• Task objective
The result is the exact lines from the one containing "Las motos estarán" through the final line of the entries; leave out the pictures.

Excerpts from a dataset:

* * *

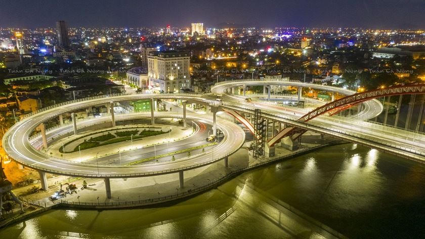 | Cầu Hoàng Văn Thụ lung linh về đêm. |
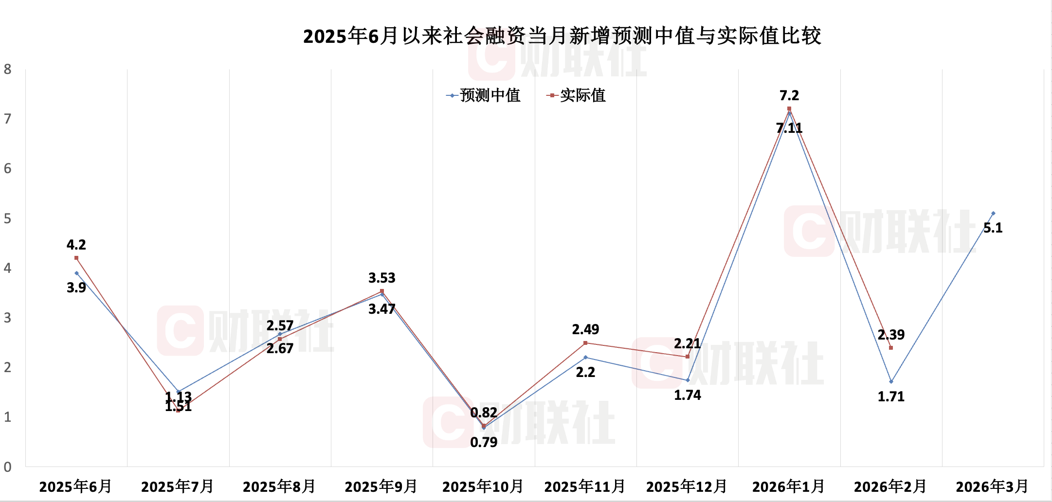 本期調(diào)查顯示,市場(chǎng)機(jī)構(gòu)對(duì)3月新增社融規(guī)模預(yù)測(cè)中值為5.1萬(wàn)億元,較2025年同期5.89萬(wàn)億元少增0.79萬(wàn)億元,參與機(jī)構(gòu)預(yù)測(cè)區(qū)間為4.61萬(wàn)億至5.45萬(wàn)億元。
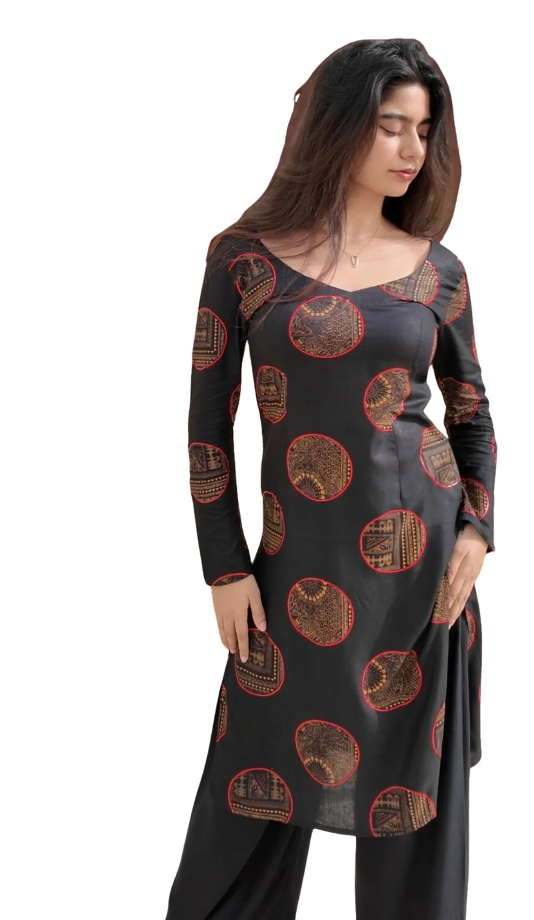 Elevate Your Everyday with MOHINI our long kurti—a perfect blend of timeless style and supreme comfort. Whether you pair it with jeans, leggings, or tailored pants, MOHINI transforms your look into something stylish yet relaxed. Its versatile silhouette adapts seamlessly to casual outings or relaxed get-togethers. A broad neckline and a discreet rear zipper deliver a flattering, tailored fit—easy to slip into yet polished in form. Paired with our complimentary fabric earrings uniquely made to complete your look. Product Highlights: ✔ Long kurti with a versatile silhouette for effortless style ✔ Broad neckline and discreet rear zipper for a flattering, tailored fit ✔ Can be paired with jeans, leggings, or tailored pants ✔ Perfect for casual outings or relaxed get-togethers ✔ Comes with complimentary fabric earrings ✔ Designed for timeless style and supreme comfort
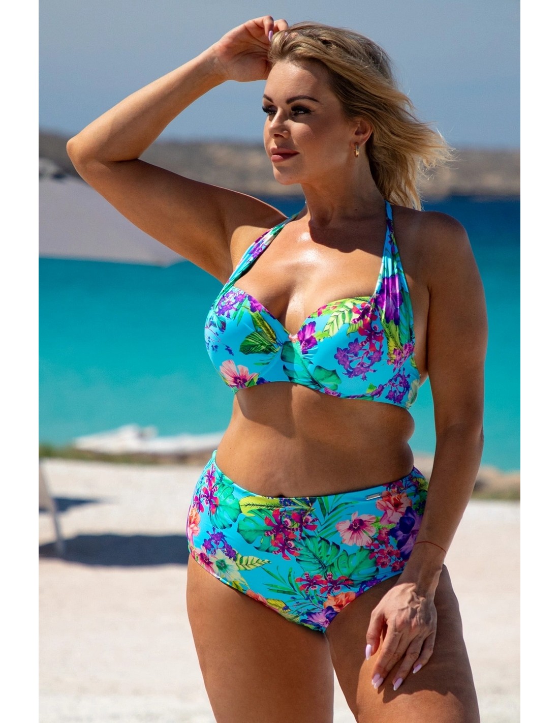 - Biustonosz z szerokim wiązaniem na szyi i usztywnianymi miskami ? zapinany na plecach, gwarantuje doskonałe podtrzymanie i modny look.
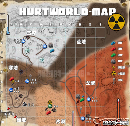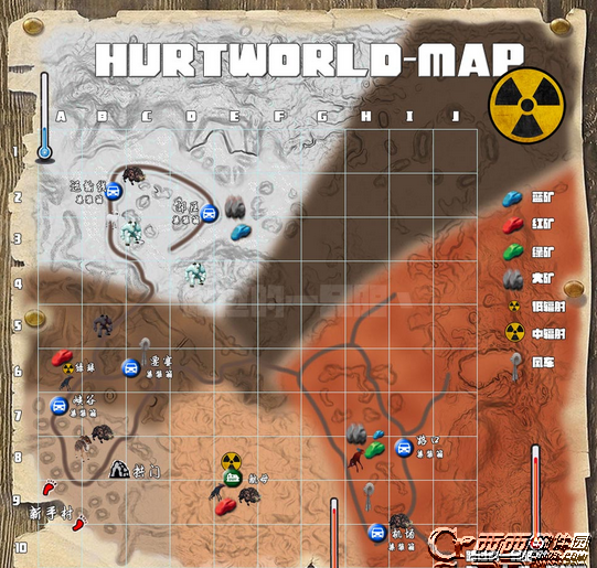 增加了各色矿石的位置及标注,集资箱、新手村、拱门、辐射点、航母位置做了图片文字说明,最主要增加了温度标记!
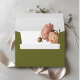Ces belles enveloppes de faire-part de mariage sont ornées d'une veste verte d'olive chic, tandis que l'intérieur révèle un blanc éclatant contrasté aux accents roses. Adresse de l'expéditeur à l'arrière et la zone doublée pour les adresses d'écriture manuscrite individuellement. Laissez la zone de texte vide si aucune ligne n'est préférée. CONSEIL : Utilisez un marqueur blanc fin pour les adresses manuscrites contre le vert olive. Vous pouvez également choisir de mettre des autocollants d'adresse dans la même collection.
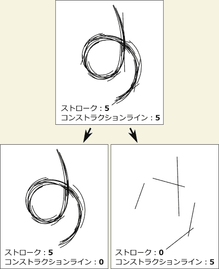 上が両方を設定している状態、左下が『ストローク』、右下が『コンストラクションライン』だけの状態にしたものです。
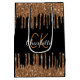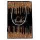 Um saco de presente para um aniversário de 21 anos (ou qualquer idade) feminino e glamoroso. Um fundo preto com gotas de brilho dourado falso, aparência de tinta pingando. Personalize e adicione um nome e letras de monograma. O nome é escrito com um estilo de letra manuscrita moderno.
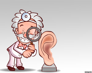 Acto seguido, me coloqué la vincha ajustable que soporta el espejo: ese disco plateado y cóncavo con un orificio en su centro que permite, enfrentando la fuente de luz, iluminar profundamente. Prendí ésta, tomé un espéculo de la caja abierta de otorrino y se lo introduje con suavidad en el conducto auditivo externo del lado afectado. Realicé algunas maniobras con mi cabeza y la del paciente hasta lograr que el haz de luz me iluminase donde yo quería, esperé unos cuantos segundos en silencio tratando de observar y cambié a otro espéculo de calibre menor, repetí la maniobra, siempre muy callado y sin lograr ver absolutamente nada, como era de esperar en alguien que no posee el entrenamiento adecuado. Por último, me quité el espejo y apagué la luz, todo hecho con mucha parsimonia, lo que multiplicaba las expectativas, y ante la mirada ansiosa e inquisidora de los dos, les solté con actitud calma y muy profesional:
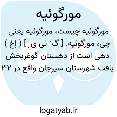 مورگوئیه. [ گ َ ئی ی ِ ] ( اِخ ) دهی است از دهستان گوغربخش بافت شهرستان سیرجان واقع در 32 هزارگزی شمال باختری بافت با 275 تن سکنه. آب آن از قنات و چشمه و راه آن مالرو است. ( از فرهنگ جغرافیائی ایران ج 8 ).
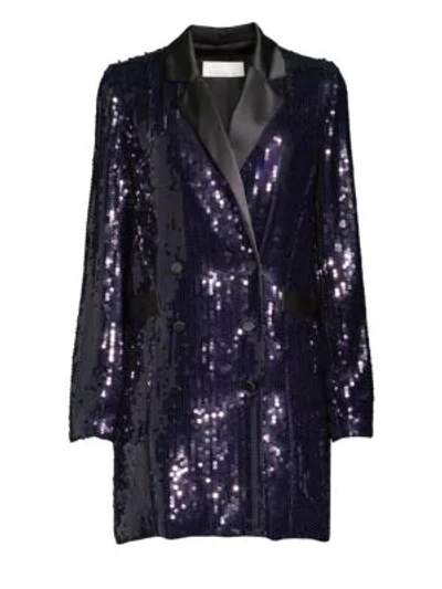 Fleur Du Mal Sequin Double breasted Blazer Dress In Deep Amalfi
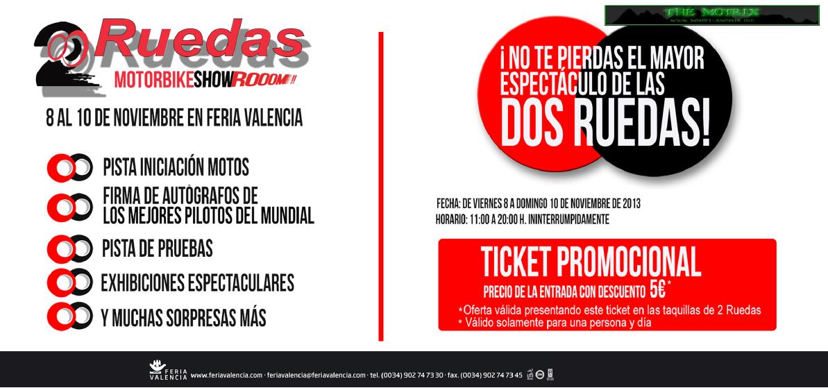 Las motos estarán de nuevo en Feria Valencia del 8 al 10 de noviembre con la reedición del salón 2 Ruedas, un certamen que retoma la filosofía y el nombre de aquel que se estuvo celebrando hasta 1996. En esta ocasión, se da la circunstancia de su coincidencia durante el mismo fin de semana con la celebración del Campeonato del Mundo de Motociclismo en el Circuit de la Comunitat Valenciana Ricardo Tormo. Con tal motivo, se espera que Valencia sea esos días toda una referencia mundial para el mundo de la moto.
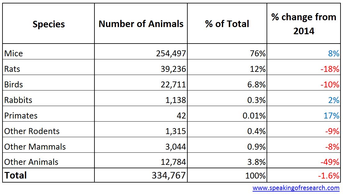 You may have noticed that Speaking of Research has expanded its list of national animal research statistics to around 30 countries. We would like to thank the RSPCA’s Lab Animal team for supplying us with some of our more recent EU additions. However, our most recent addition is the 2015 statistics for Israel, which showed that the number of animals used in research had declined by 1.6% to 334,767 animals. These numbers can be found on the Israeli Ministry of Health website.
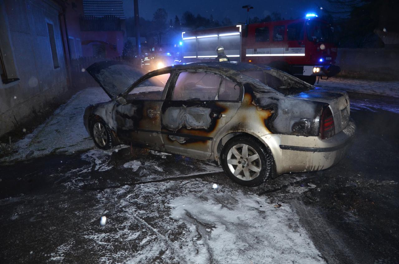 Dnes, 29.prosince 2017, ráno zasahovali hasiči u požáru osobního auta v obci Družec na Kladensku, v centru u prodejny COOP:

* * *

• Answer to this problem
 Las motos estarán de nuevo en Feria Valencia del 8 al 10 de noviembre con la reedición del salón 2 Ruedas, un certamen que retoma la filosofía y el nombre de aquel que se estuvo celebrando hasta 1996. En esta ocasión, se da la circunstancia de su coincidencia durante el mismo fin de semana con la celebración del Campeonato del Mundo de Motociclismo en el Circuit de la Comunitat Valenciana Ricardo Tormo. Con tal motivo, se espera que Valencia sea esos días toda una referencia mundial para el mundo de la moto.
 You may have noticed that Speaking of Research has expanded its list of national animal research statistics to around 30 countries. We would like to thank the RSPCA’s Lab Animal team for supplying us with some of our more recent EU additions. However, our most recent addition is the 2015 statistics for Israel, which showed that the number of animals used in research had declined by 1.6% to 334,767 animals. These numbers can be found on the Israeli Ministry of Health website.
 Dnes, 29.prosince 2017, ráno zasahovali hasiči u požáru osobního auta v obci Družec na Kladensku, v centru u prodejny COOP:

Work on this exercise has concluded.